От первого Плантагенета[265] до последнего Ланкастера[266] эти мысли часто наведываются в умы английских королей. Мираж Палестины служил фоном для их сражений. Преданность, вроде той, что Эдуард I[267]испытывал по отношению к своей королеве, была совершенно реальной движущей силой в жизни многих их современников. Когда толпы просвещенных туристов, заранее готовых иронизировать над континентальными предрассудками, покупают билеты и отмечают багаж на железнодорожном вокзале у западного конца Стрэнда, вряд ли они говорят со своими женами более галантно, чем их предки во времена Эдуарда. И вряд ли они остановятся, чтобы задуматься над легендой о скорби мужа, оживающей от одного названия – Чаринг Кросс[268].

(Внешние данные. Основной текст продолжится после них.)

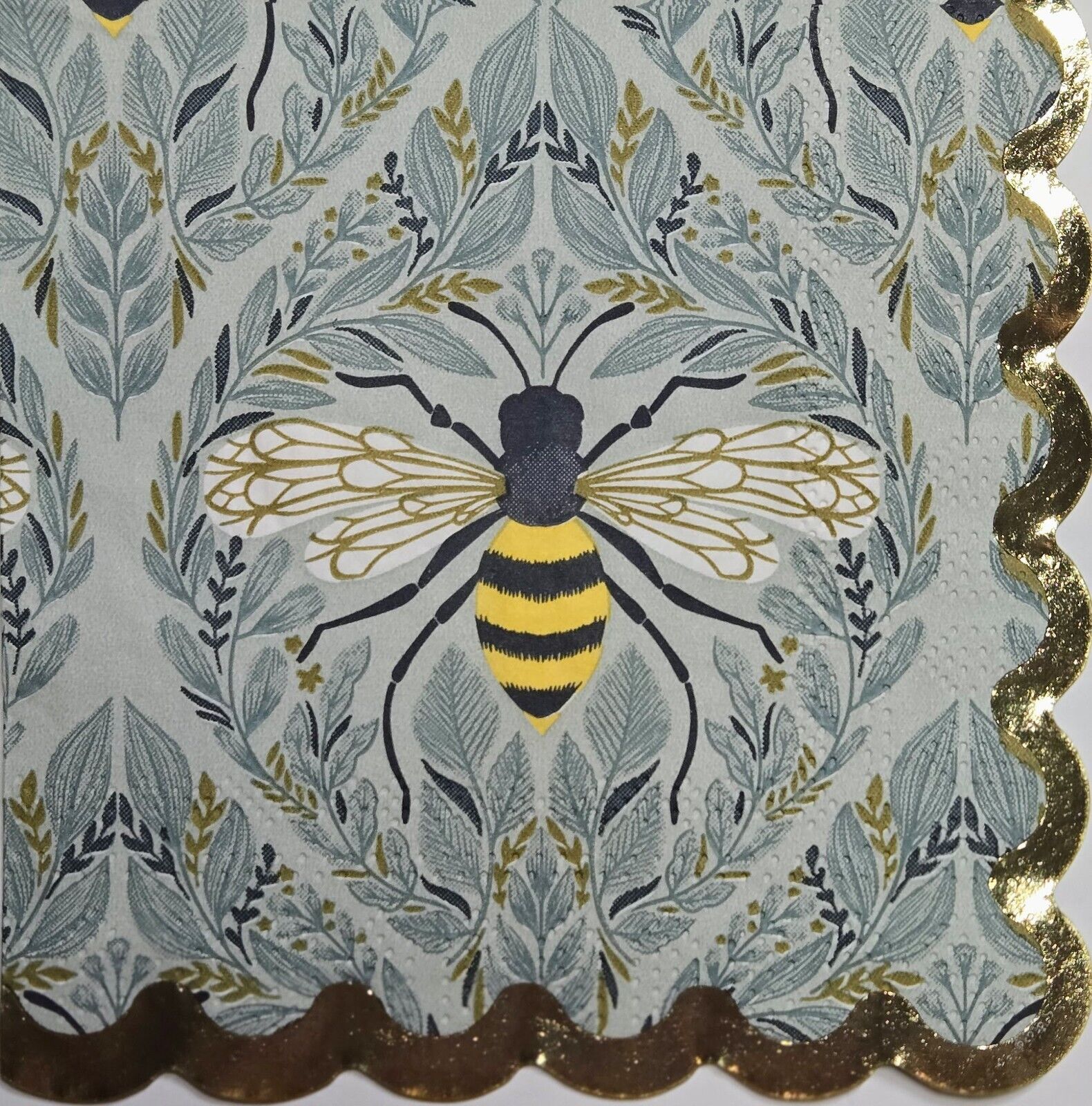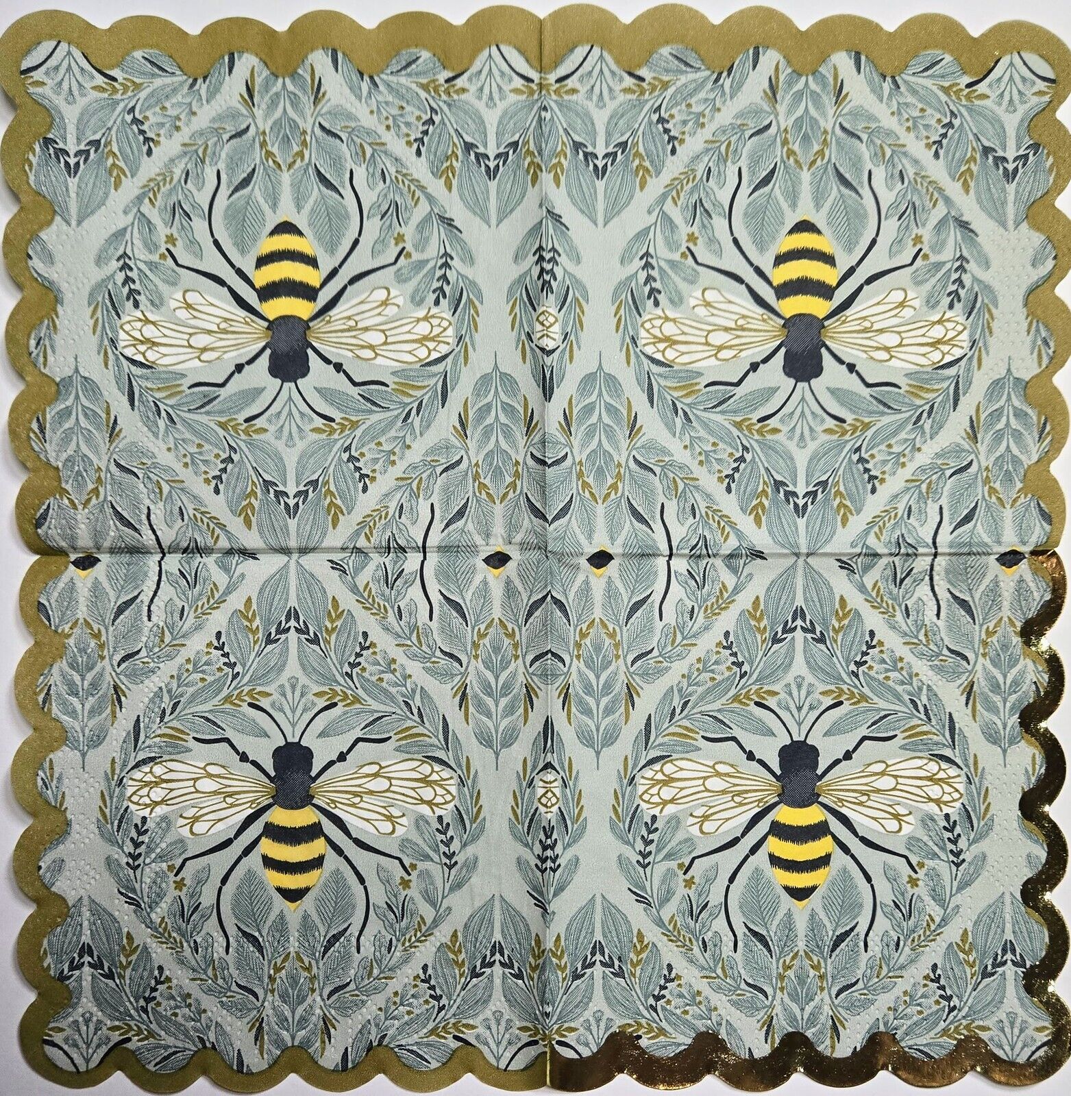 TWO Individual Paper Cocktail Decoupage Napkins - 2610 Bee on Gold Foil Scallop

Было бы громадной исторической ошибкой предположить, что Крестовые походы касались только сливок общества, для которых геральдика была искусством, а рыцарство – этикетом. Это совершенно не так. Первый Крестовый поход был сродни единодушному народному подъему, вроде тех, которые зовут мятежами или революциями. Сила гильдий -великой демократической системы того времени -зачастую была обязана своим ростом этой общей борьбе за крест (я обязательно расскажу об этом позже). Нередко случалось, что не столько набранные воины, сколько целые семейства отправлялись в поход, подобно новым цыганам устремляясь на восток. А то, что даже дети организовывали Крестовый поход, как сейчас организуют игру в шарады, стало притчей во языцех.
Но мы лучше поймем события, если будем рассматривать каждый Крестовый поход как Крестовый поход детей. Ведь порывы эти были исполнены того, что современный мир находит именно у детей (просто потому, что уничтожил это во взрослых). Жизнь людей той поры была полна, как полны осколки их вульгарного искусства, именно тем, что мы видим из окна детской. Лучше всего это можно уловить в более поздних работах: например, в пронзительно прописанных интерьерах Мемлинга[269] и практически повсеместно в позднейших и менее осмысленных современных произведениях искусства.
Именно это ощущение одомашнивало далекие земли и переносило под родной кров сам горизонт. Люди того времени умудрялись разместить по углам своих маленьких домиков концы света и края небес. Их перспектива груба и безумна, но это – перспектива, это не декоративная плоскость восточного искусства. Одним словом, их мир, как и у детей, был полон ракурсов – таких, что кратчайшим путем ведут в волшебный край.
Их карты еще провокационнее их картин. Их полусказочные звери – это чудовища, но одновременно и домашние животные. Невозможно передать словами эту исключительно яркую атмосферу, а ведь сама эта атмосфера уже была сродни приключению. Эти подробные видения удаленных земель, приходя в каждой дом, оказывались рядом; а вот королевские эдикты и феодальные склоки пребывали за краем окоёма. Святая земля была гораздо ближе к дому простого человека, чем Вестминстер, и неизмеримо ближе, чем Раннимид[270].
Давать реестр английских королей и парламентов, но не останавливаться на мгновениях религиозного преображения повседневной жизни – крайне глупо. Эту глупость можно проиллюстрировать современной параллелью, где светское и религиозное поменялись местами. Допустим, какой-то клерикал или роялист-писатель решил бы составить список парижских архиепископов с 1750 до 1850 года. В нем он отметил бы, что один из архиепископов умер от оспы, другой от старости, а еще один – в результате любопытного случая обезглавливания. Но при этом в его записях не упоминались бы ни суть, ни само имя Французской революции.